Sift provides official client libraries for Python, Rust, and Go to simplify integration with its APIs. In this tutorial, you will use the Sift Python client library to stream telemetry from a Python script into Sift. You will run a simple example that simulates a robotic vehicle reporting both velocity and temperature in real time, and see how that telemetry appears in Sift. By the end of this tutorial, you will understand how to install the client library, configure authentication, define telemetry signals, and stream time series data into Sift using Python.

Prerequisites

Scenario

In this tutorial, you will simulate a simple system that produces telemetry. Imagine a robotic vehicle reporting both its current speed and its internal temperature every half second. Instead of connecting to real hardware, the script generates mock velocity and temperature values and streams them to Sift in real time. Each time you run the script, it creates a new Asset and starts a new session for collecting telemetry. The script sends velocity and temperature measurements every 0.5 seconds. You will view this telemetry in Sift and see how multiple Channels are grouped within a single Run, and more importantly, learn how to structure a Python script using the Sift Python client library to stream telemetry into Sift.
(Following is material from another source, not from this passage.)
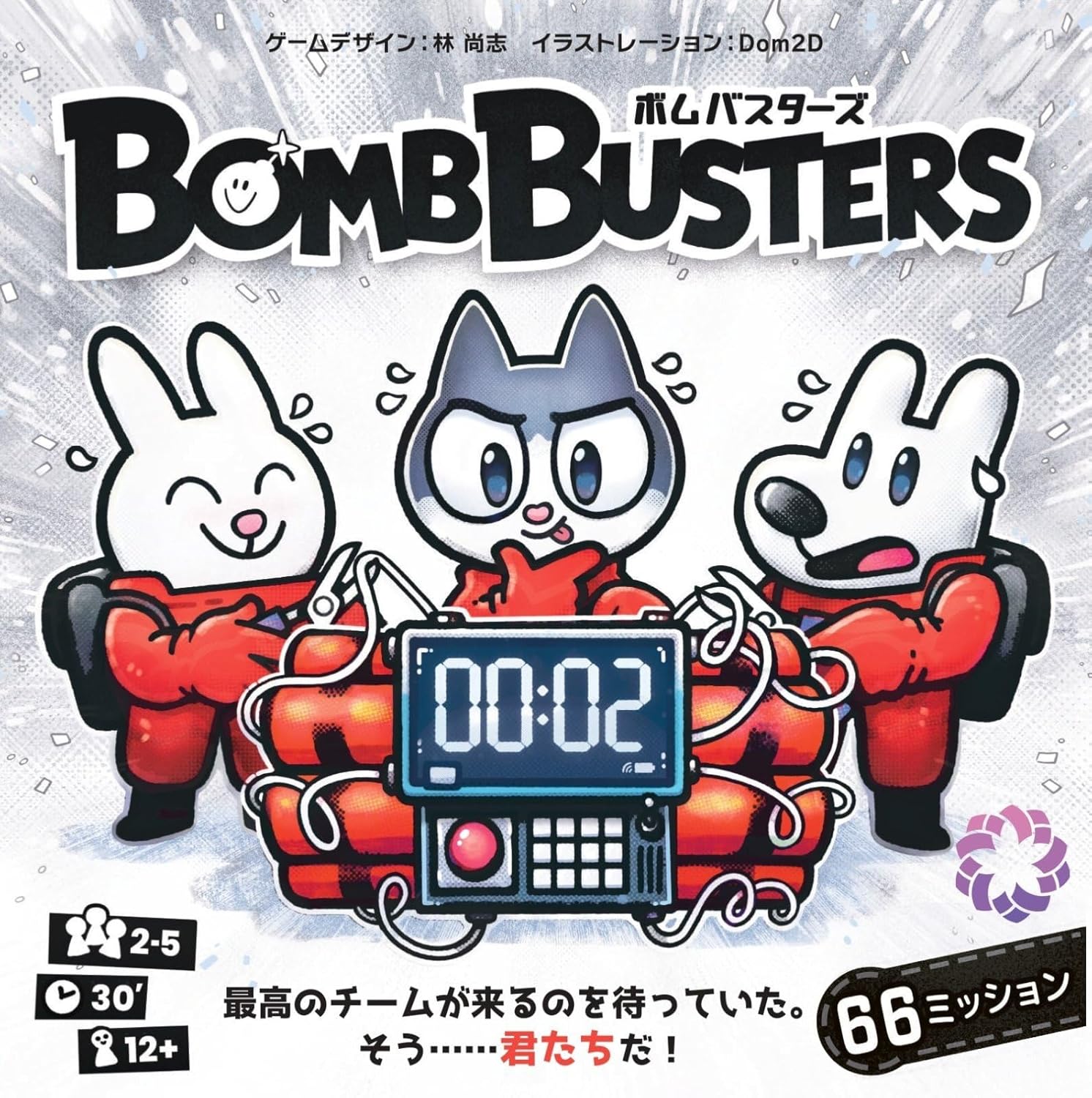 大賞を受賞した『ボムバスターズ』は、林尚志氏(OKAZU brand)がゲームマーケット2020秋に発表した『ボムスカッド』のリメイク。Engamesから先月日本語版が発売された。各プレイヤーの昇順に並んだ数字タイルから自分の持っているものと同じ数字を推測して除去し、協力して爆弾を解除する。クリアしても難易度を上げて次のミッションが待っており、オリジナル版から16増えて66のミッションが入っている。

Step 1: Install the Sift client library

Before we install anything, let’s create a clean Python environment for this tutorial. This helps avoid dependency conflicts and keeps your setup isolated. In your terminal, create and activate a virtual environment, then install the Sift Python client library with streaming support along with python-dotenv, which we will use to securely load authentication values from a .env file.
python3 -m venv venv
source venv/bin/activate
pip install "sift-stack-py[sift-stream]"
pip install python-dotenv
We install sift-stack-py[sift-stream] instead of just sift-stack-py because streaming ingestion requires additional optional dependencies.
  • The sift-stream extra installs the gRPC streaming components needed to open and maintain a real-time ingestion stream.
  • If you install only sift-stack-py, the core client will work for non-ingestion APIs, but streaming ingestion will not be available. Using pip install "sift-stack-py[sift-stream]" ensures that streaming support is included.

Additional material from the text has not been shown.